> TASK ITEM
From the data below, retype exactly the lines starting with the one that contains "Localização no território continental" and ending with the one that contains "Enquadramento territorial", both included.

> SOURCE RECORDS

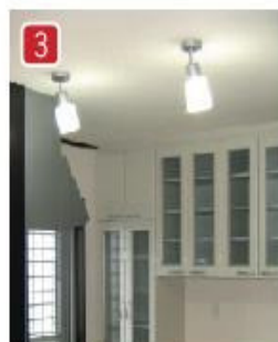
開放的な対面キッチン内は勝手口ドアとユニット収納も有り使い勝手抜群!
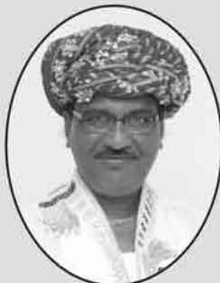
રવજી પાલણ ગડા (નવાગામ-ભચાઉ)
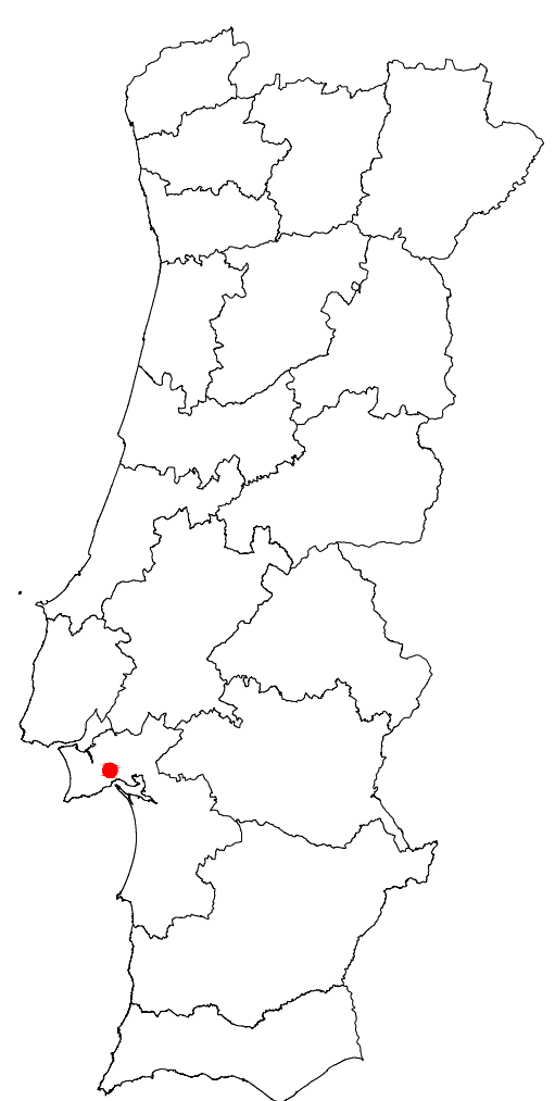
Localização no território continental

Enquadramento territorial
---
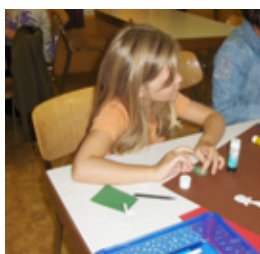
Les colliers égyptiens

> RESPONSE BOX
Localização no território continental

Enquadramento territorial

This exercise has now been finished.